The Government has said it is now “extremely unlikely” a member of the British royal family will attend the 100th anniversary commemorations of the Easter 1916 Rising next year.
The change of position was decided at a meeting of the Cabinet sub-committee on commemorations last Monday at which there was agreement in principle that given the nature of the event it would be better not to invite the Royal family to the Easter Week events.
The decision was confirmed by Minister of State Aodhán Ó Ríordáin, who has special responsibility for the centenary of commemorations and is also vice-chair of the all-party committee on commemorations.

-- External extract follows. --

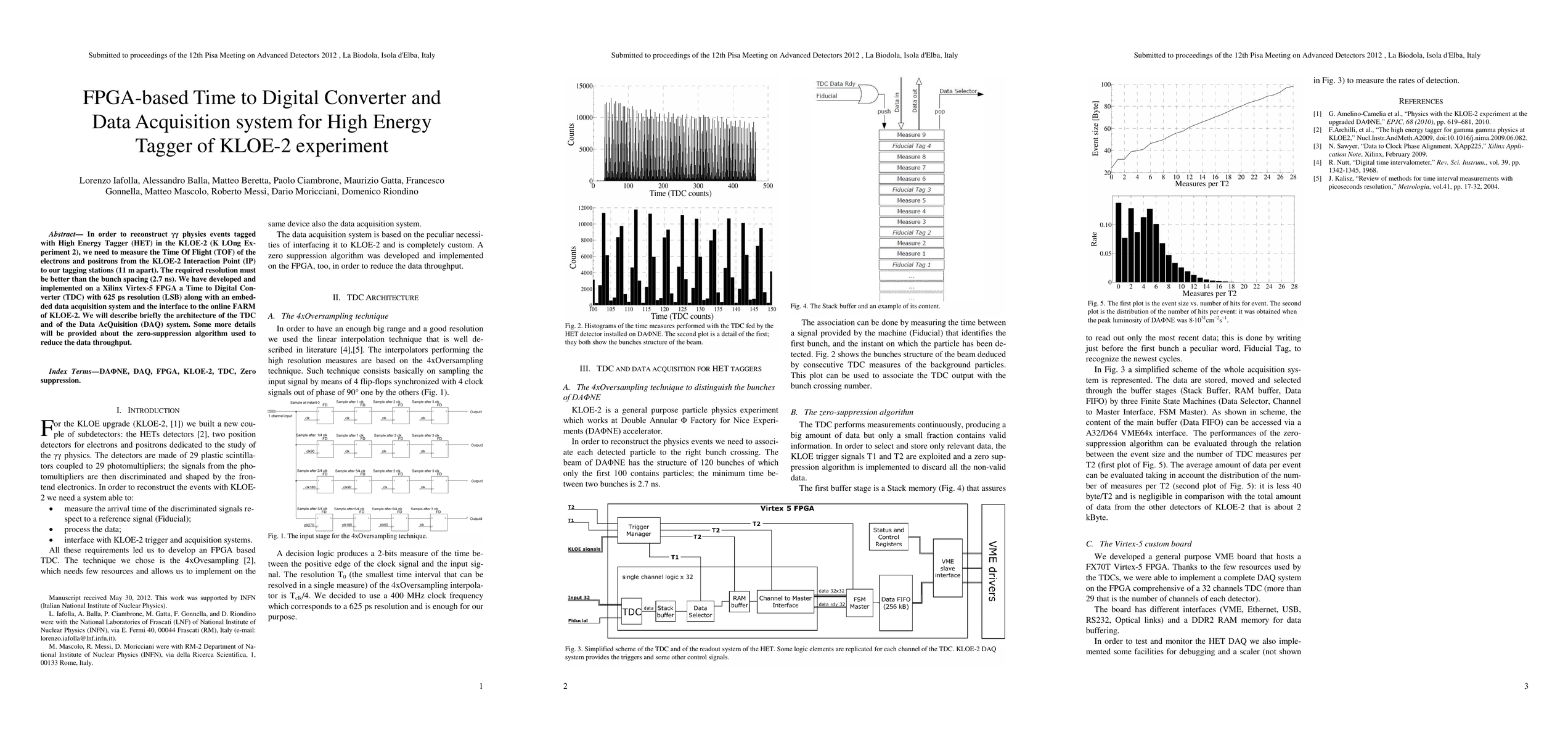 This paper describes the development of an FPGA-based Time to Digital Converter (TDC) and Data Acquisition system for the KLOE-2 experiment's High Energy Tagger, achieving a 625 ps resolution to measure the Time of Flight of electrons and positrons, essential for reconstructing gamma-gamma physics events. The system includes a zero-suppression algorithm to manage data throughput.

“It’s extremely unlikely that there will be a royal presence for events on O’Connell Street and the GPO,” said Mr Ó Ríordáin.

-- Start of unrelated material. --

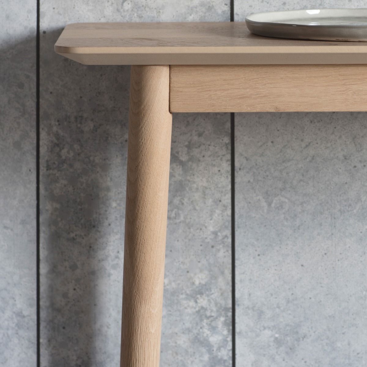 - The stunning Fresco Console Table features a beautiful inlay chevron design, and is made using European oak and rustic oak structured veneers which show the natural beauty of the oak grain and knots. Finished in a specialist mat lacquer, which keeps the timber looking natural and dry, with brushed out grain, the table is tactile to touch and looks amazing. The console table looks great with the Fresco mirror above it.

He said that the issue had the potential to be a distraction that would take away from the events and would also involve a security dimension.
“As we get closer, my concern (and it is shared by others) is that it will take up an inordinate amount of time, space and debate.
“If all we are doing is debating the presence or otherwise of a member of the British royal family within the GPO it would be a distraction,” he said.
Mr O Ríordáin said in one sense it was a shame that Ireland was not in the position of other European countries where they can hold commemorative events in the presence of heads of state of other countries, including former foes. He instanced some of the commemorations in Belgium to mark the 100th anniversary of key battles in the first World War.
He said Ireland was not yet in that position.
The Minister of State said it was his understanding that there was a recognition from the British government of the sensitivities involved.
"I understand there is no indication that they will be offended by any eventuality where the Royal family was not present at events." Protocol During the State visit of President Michael D Higgins to England last year, Taoiseach Enda Kenny said, when asked, that he would like to see Queen Elizabeth visit Ireland as part of the events surrounding the commemoration of 1916.
He added there was a protocol attached to it.
On the same visit, then Tánaiste Eamon Gilmore said the possibility of members of the Royal family participating in the 1916 events was something that had been discussed before.
However, the position came under strong criticism in Ireland from both Fianna Fáil and Sinn Féin, as well as from descendants of the leaders of the 1916 Rising.
The broad agreement reached by the Cabinet sub-committee last Monday may draw a line under the controversies and criticisms faced by the government during 2016 over the direction and preparedness of its plans to commemorate the Rising.
There are also two major events in 2015 which are germane to the Decade of Centenaries: they are the 100th anniversary of Gallipoli as well as the 100th anniversary of the funeral of O'Donovan Rossa, where Patrick Pearse gave the graveside oration.